Mediastinal cystic hygromas (lymphangiomas) are developmental tumors of the lymphatic system that occur in the antero-superior mediastinum and are almost always inferior extensions of cervical hygromas (22). Isolated mediastinal involvement is rare, occurring in about 1% of cases. On CT, they appear as nonenhancing, thin-walled, multiloculated masses with a near-water attenuation value. On MRI, cystic hygroma has a signal intensity equal to or slightly less than that of muscle on T1-weighted images and greater than that of fat on T2-weighted or fat-suppressed images (Fig. 2.13). Contrast enhancement is absent unless the lesion contains vascular components or is infected. Hemorrhage can cause a sudden increase in tumor size and can increase the CT attenuation or the T1-weighted MR signal intensity. Other findings include infiltration of adjacent soft tissues and encasement of mediastinal structures. Occasionally, marked dilatation of adjacent veins is noted (23).

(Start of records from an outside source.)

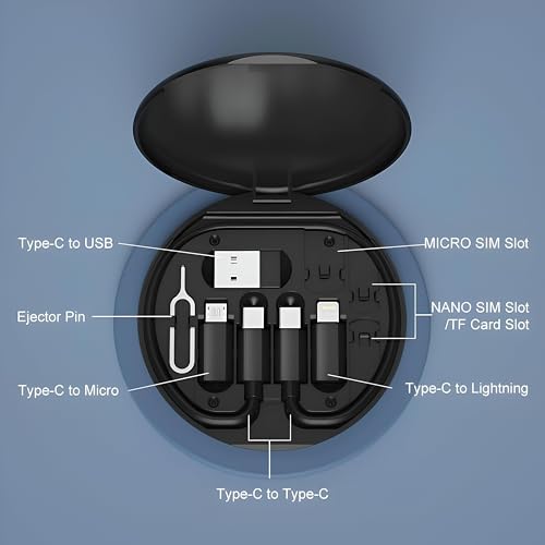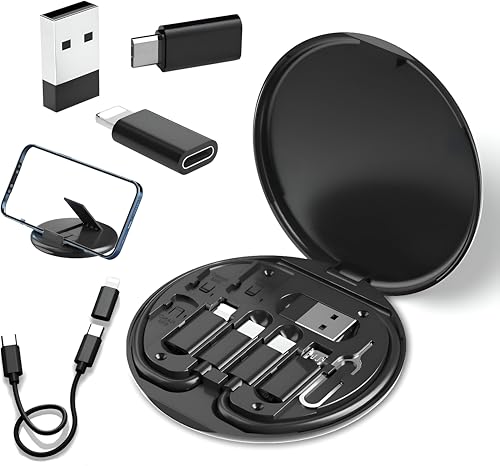 Generic - مجموعة كيبل USB متعددة الوظائف - تدعم الشحن من C الى الجوال، صندوق تخزين واداة ازالة شريحة الاتصال، وحامل جوال قابل للتعديل لجميع الهواتف الذكية
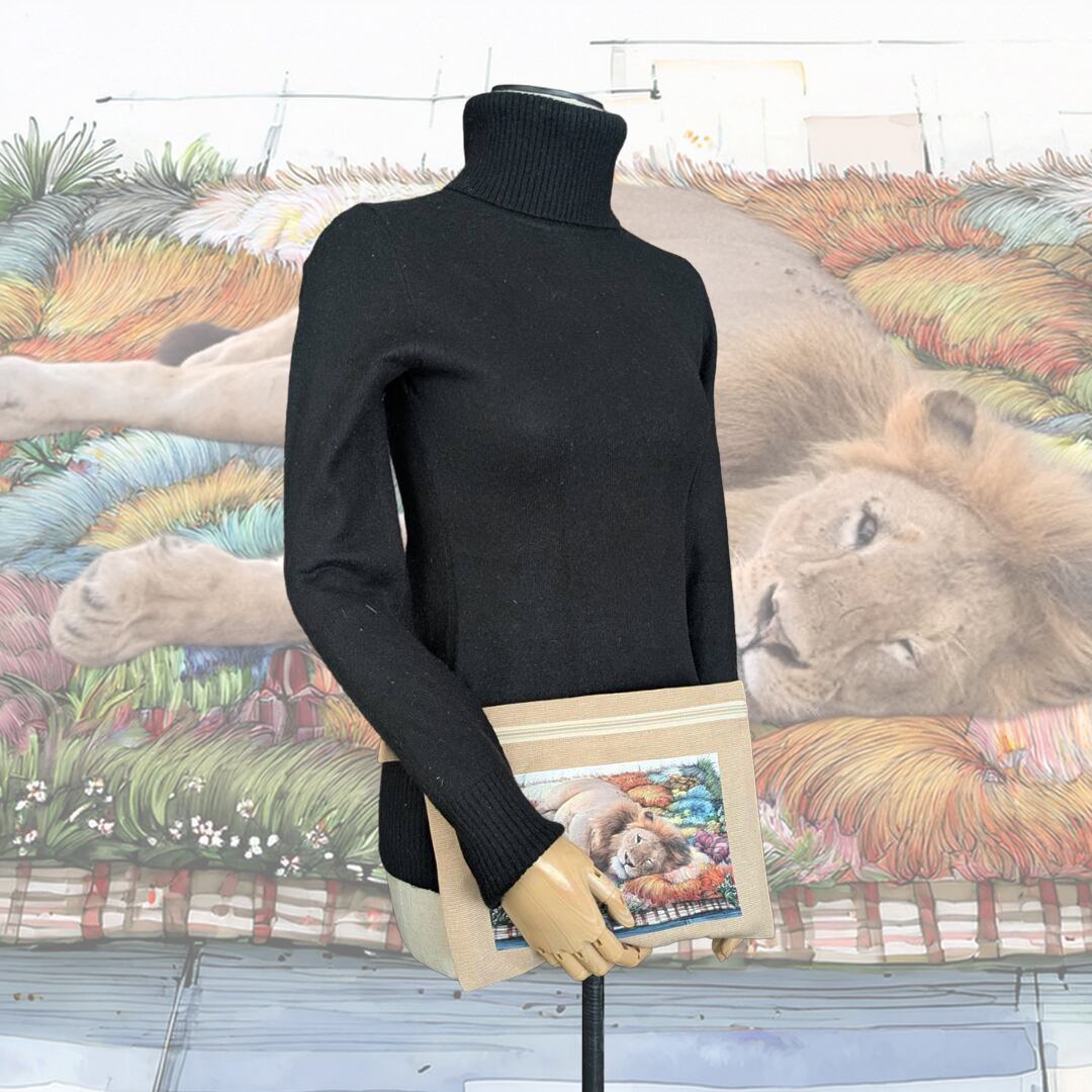 落ち着いたベージュ地に華やかに映えるライオンが、使うたびに心を豊かにしてくれるポイントに。このポーチは、化粧品や小物を持ち運ぶだけでなく、普段のコーディネートにさりげないアクセントを加え、あなたの個性を引き立てます♪
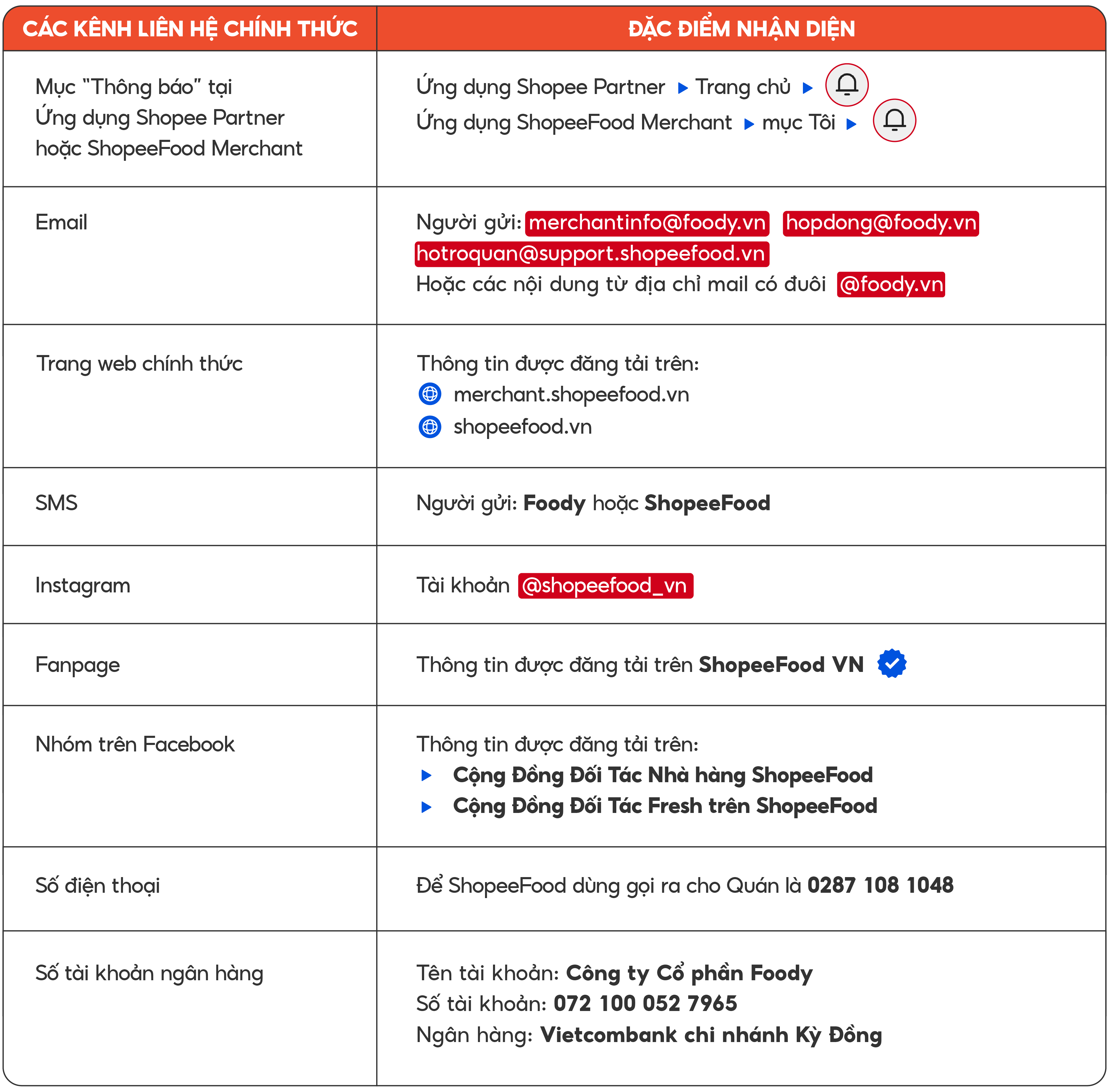 Trước các yêu cầu cung cấp thông tin cá nhân và tài khoản quản lý quán, Đối tác vui lòng cẩn trọng và kiểm tra kỹ lưỡng trước khi thực hiện bất kỳ thao tác nào để đảm bảo quyền lợi cho chính mình.

Thymic cysts usually are congenital lesions resulting from persistence of the thymopharyngeal duct, but they can occur after trauma or thoracotomy. Characteristically, they are thin-walled, homogeneous masses of near-water density on CT (Fig. 2.14), low signal intensity on T1-weighted MR images, and high signal intensity on T2-weighted and fat-suppressed sequences. The attenuation value or the signal intensity on T1-weighted images may be higher than that of simple cysts if the contents of the cyst are proteinaceous or hemorrhagic. Multiple thymic cysts have also been described in children with HIV infection and Langerhans cell histiocytosis (24,25).